The New Yorker Launches Strongbox, a Project Developed by Aaron Swartz
It's at once terribly exciting and infinitely sad: This morning, the New Yorker announced the arrival of Strongbox, a new tool for receiving sensitive documents and messages from readers. Commissioned by Kevin Poulsen, the investigations editor at Wired, Strongbox was one of the projects that Aaron Swartz had developed before he committed suicide in January.
Aaron Swartz speaking at a protest against SOPA and PIPA bills in New York City. Phillip Stearns via Compfight cc
Swartz and Poulsen met in 2006, when Swartz, along with the other co-founders of Reddit, sold the online platform to Condé Nast and took root in a conference room at Wired's headquarters. Swartz wrote a piece for Poulsen about Kahle v.
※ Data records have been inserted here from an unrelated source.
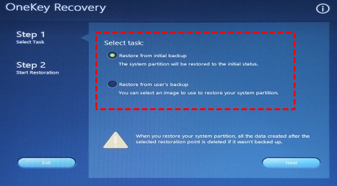 恢复过程中仅保留最基本的实用程序和应用程序。 也就是说,系统分区上已安装的程序和个人数据都将丢失。
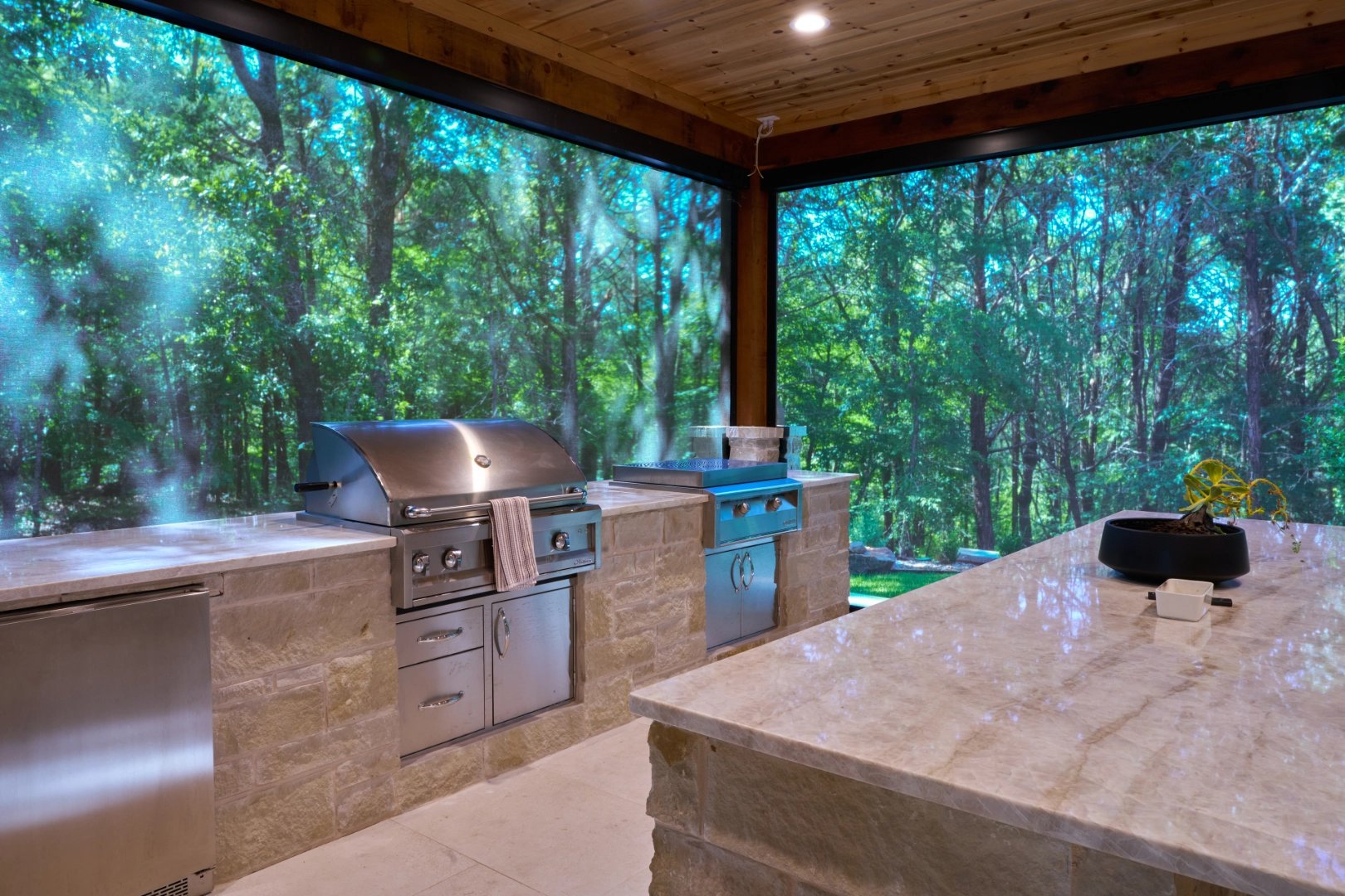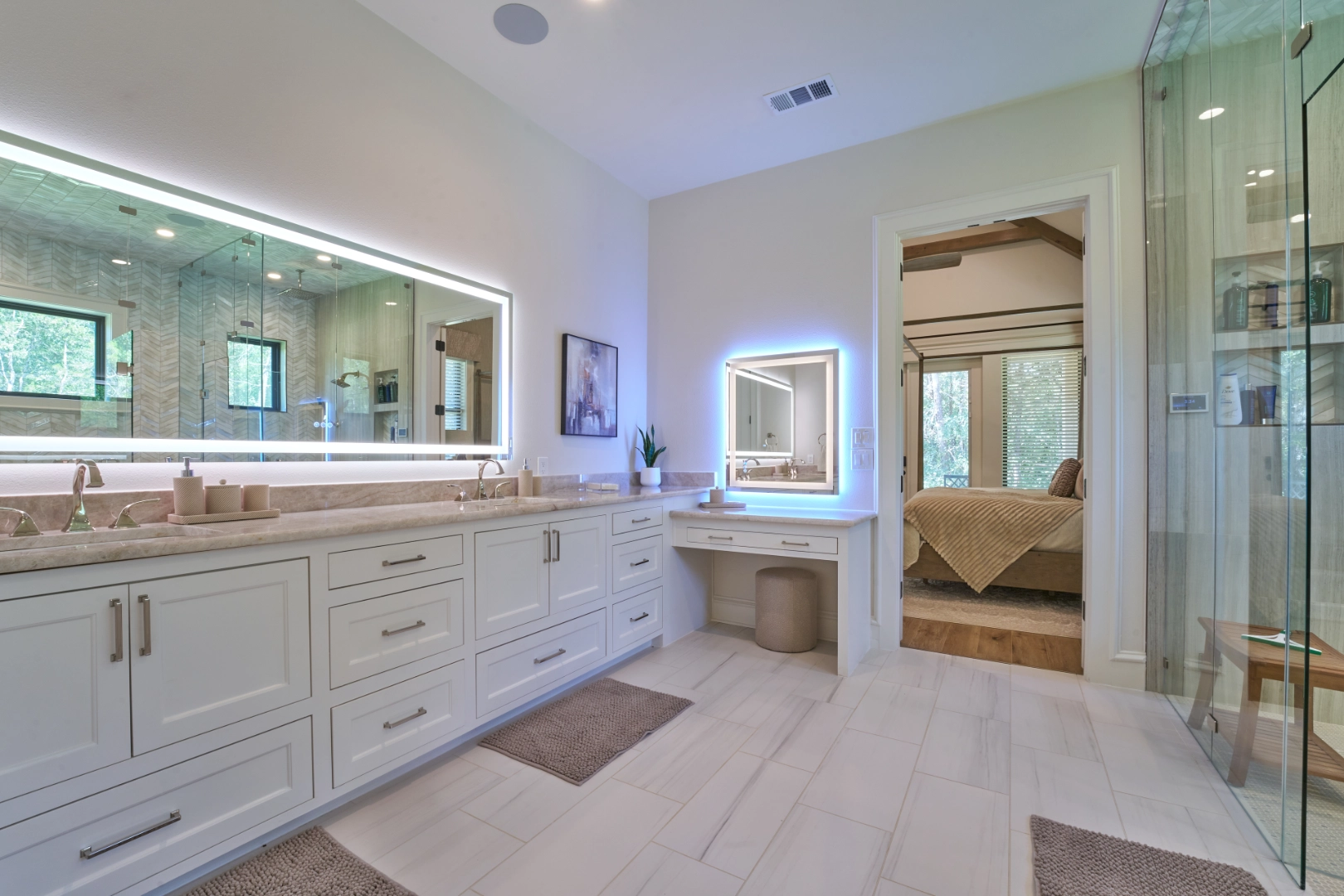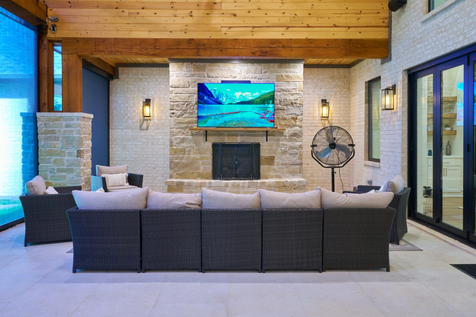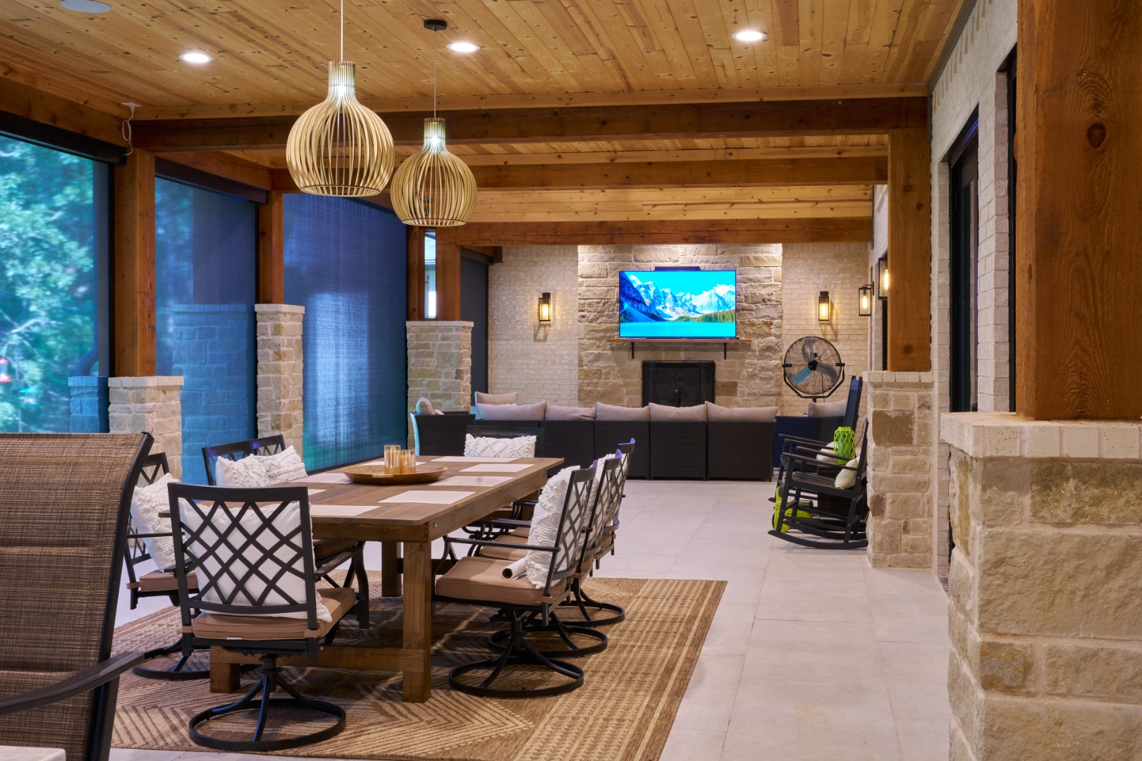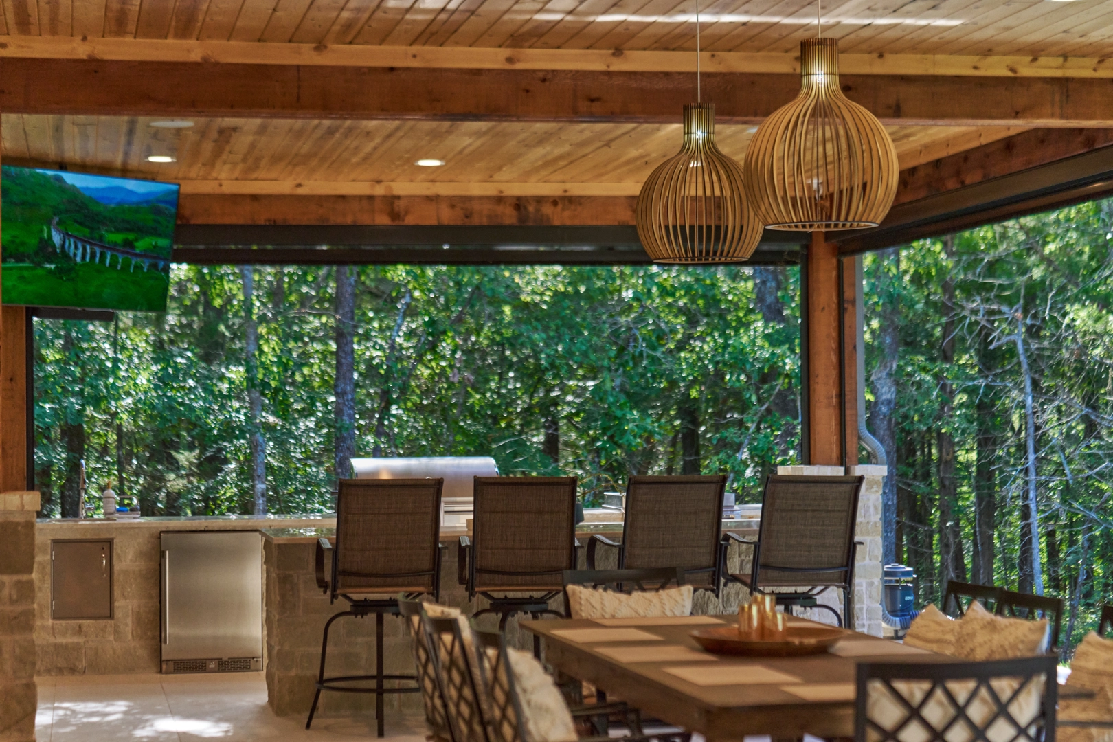 Golf Club Oasis is a bold, moody interior where I used deep charcoal walls, warm wood accents, and rich leather furnishings to create a dedicated entertainment space that feels like a private club. Vaulted ceilings with exposed wood beams, curated artwork, and layered lighting give the room a sophisticated, masculine character that’s perfect for game nights and relaxed gatherings.
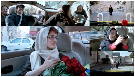 Social microcosm of contemporary Tehran, Iran, in the film Taxi (Source: http://www.irancinepanorama.fr, accessed on 5 March 2025).
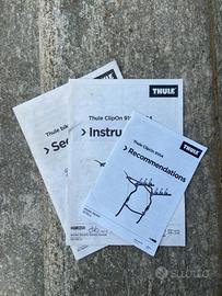 Vendo Porta bicicletta per auto, marca Thule modello ClipOn 9104 con istruzioni e libretti annessi, condizioni come nuovo.

Gonzales, one of Lawrence Lessig's legal battles in the larger fight for copyright freedom, after which Poulsen asked Swartz to develop a secure-submission tool.
"He agreed to do it with the understanding that the code would be open-source--licensed to allow anyone to use it freely--when we launched the system," Poulsen wrote in a piece published this morning for the New Yorker.
Though other projects have tried to provide safe passage for the "leaking" of sensitive information--Wikileaks, for example, or the Wall Street Journal's SafeHouse--none have gone as far as Strongbox, according to Andy Sellars, a staff attorney at the Digital Media Law Project and fellow at Harvard's Berkman Center for Internet and Society.
"[Strongbox] limits the ability of third parties to see what content is being exchanged between a journalist and their source," Sellars said. "In addition to the strong cryptography it provides, it removes a lot of the intermediaries that would have been in a position to report to the government where a reporter's sourcing is coming from."
It's an issue that was no doubt highlighted by this week's revelation that the feds had seized AP phone records.
Before his death at age 27, Swartz had been involved in a number of projects that married law, freedom of information, and technology, one of them being RECAP, an online tool that allows people to download and disseminate court records for free.
"My impression of Aaron is that he cared a great deal about civil rights and civil liberties. He was also a guy who was uniquely informed by technology and law," Sellars said. "He could see the opportunities in technology where the law did not yet provide protection."